Still believers: Lula’s supporters rally daily at fallen hero’s prison

Continuing vigil marks deep loyalty to former Brazil president after first year in jail

Supporters of former Brazilian president Luiz Inacio Lula da Silva attend a vigil outside the federal police offices in Curitiba, Brazil on August 31st, 2018. Photograph: Rodolfo Buhrer

Supporters of former Brazilian president Luiz Inacio Lula da Silva attend a vigil outside the federal police offices in Curitiba, Brazil on August 31st, 2018. Photograph: Rodolfo Buhrer

 

It is day 354 of the Free Lula Vigil and about 50 activists are gathered in front of federal police headquarters in the city of Curitiba, where Brazil’s first working-class president is locked up serving a 12-year sentence for corruption.

At 9am on the dot they shout out their by now traditional morning salutation “Good Morning President Lula!” in the direction of the room-cum-cell where Luiz Inácio Lula da Silva has been held since his detention on April 7th last year. It will be followed later in the day by an afternoon greeting and a final one for goodnight.

The vigil marks its first anniversary on Sunday and this longevity is testimony to the continued fervent commitment of Lula’s supporters, despite years of political reversals since he left office in 2010 that have ended up with him in jail and a reactionary demagogue in the presidency he once occupied with such distinction.

The former president was imprisoned after an appeals court upheld his 2017 conviction in a case involving the refurbishment of a beachfront apartment by construction companies caught up in the sprawling Car Wash anti-corruption probe.

Former Brazilian president Luiz Inacio Lula da Silva after he was convicted on corruption charges, in Sao Paulo, Brazil, on July 13th, 2017. Photograph: Nacho Doce
Former Brazilian president Luiz Inacio Lula da Silva after he was convicted on corruption charges, in Sao Paulo, Brazil, on July 13th, 2017. Photograph: Nacho Doce

Since his imprisonment he has been found guilty in a second trial involving a country retreat and is also charged in several more cases.
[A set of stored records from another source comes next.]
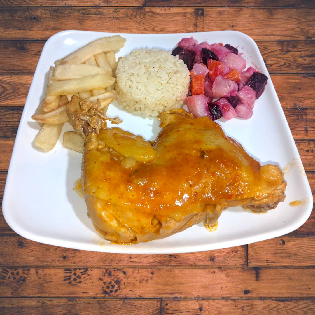 Pierna Pernil de Pollo sudado en salsa casera. Acompañada de: Rica sopa del dia, Arroz, Papas A La Francesa, Ensalada y Jugo.
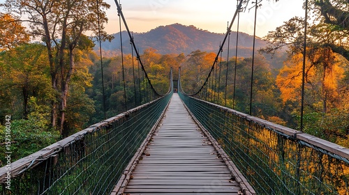 © Nosheen, Obraz premium A towering mountain, with a wooden bridge crossing through misty clouds, and clear, bright skies framing the majestic scene.
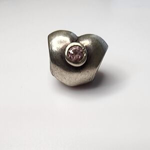 Authentic Pandora Heart Sterling Silver Charm With Pink Cubic Zirconia
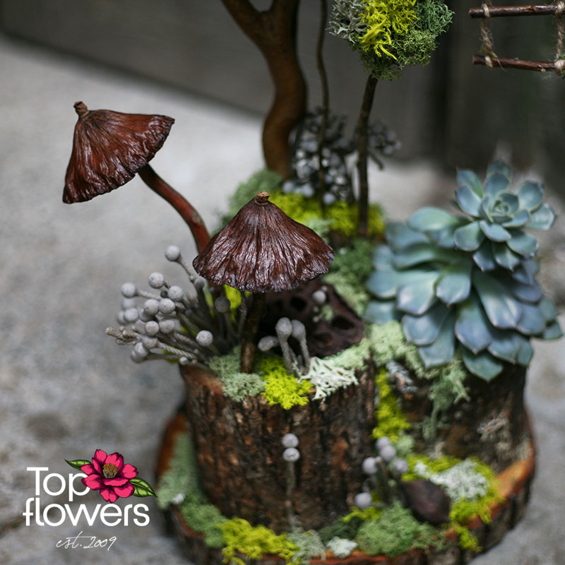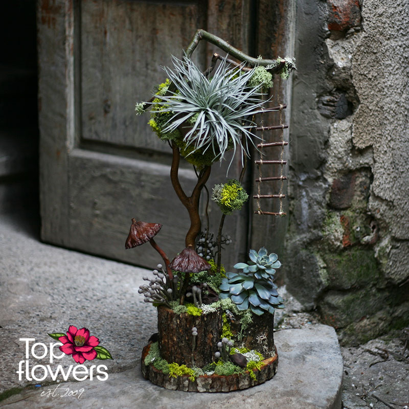 Арт инсталация „Скритата гора“ е малък свят, събран в една композиция - загадъчен, артистичен и различен. В нея въздушното растение тиландсия, сукулентът, скандинавският мъх, декоративните гъби и естествените дървесни елементи създават усещане за тиха гора, в която всяко детайлче има свое място. Това не са просто цветя – това е история, разказана чрез форма, текстура и вдъхновение.
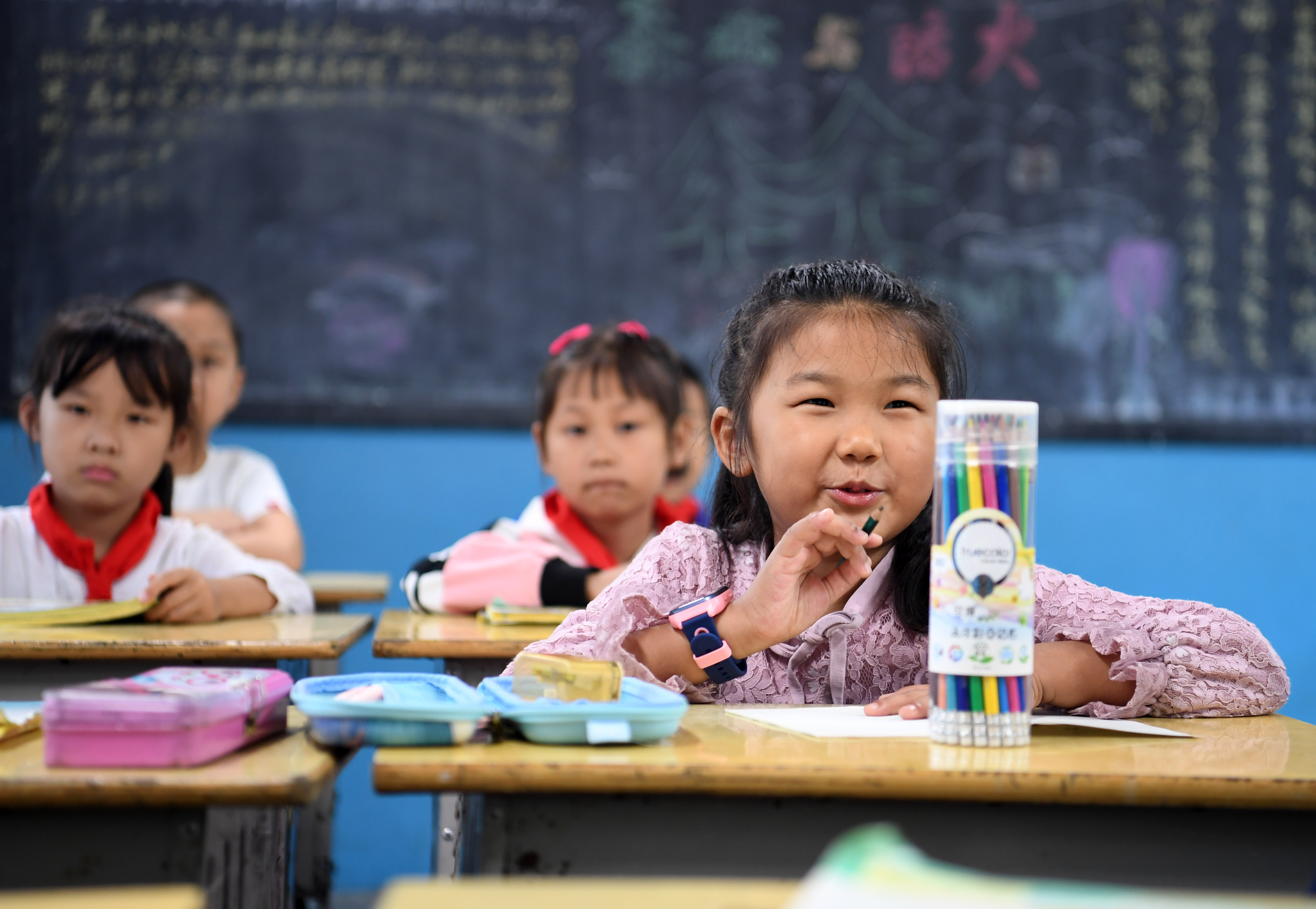 Zhang Qingyu (R) has her first lesson at the central primary school of Huangjian in Qingxi Village, Huangjian Township of east China's Anhui Province, Sept. 1, 2019.(Xinhua/Zhang Duan)

For supporters such as Isabel Aparacida Fernandes, one of the vigil’s permanent members who takes four buses each day to be here, her dedication is rooted in a deep personal identification with Lula.

Like him she too had to migrate with her family from the country to the city as a child to survive. And like him she ended up working in the industrial belt around São Paulo where Lula got his start as a union leader and inspired the likes of Fernandes to get involved in politics, helping him to build up the largest left-wing movement in the Americas.

‘Worth the effort’

She has no regrets about spending a year of her retirement at the vigil. “Lula is worth the effort. I am only repaying what he gave to me and everyone who benefited from his government. We are here because of all Lula did for us, the poor,” she says.

Though he has a window, Lula cannot see the vigil from his room, just the tops of the local Paraná pine trees around it. But his visitors say he can hear his vocal group of supporters, who have been here as long as he has and who vow not to leave until the man they fervently believe is the world’s most prominent political prisoner is released.

Among those leading the morning greeting is trade union leader Ana Cristina Guilherme, who has travelled 3,500km from her home in Fortaleza to make her fourth visit to the vigil, which is located in a rented parking lot across the road from the bunker-like police building.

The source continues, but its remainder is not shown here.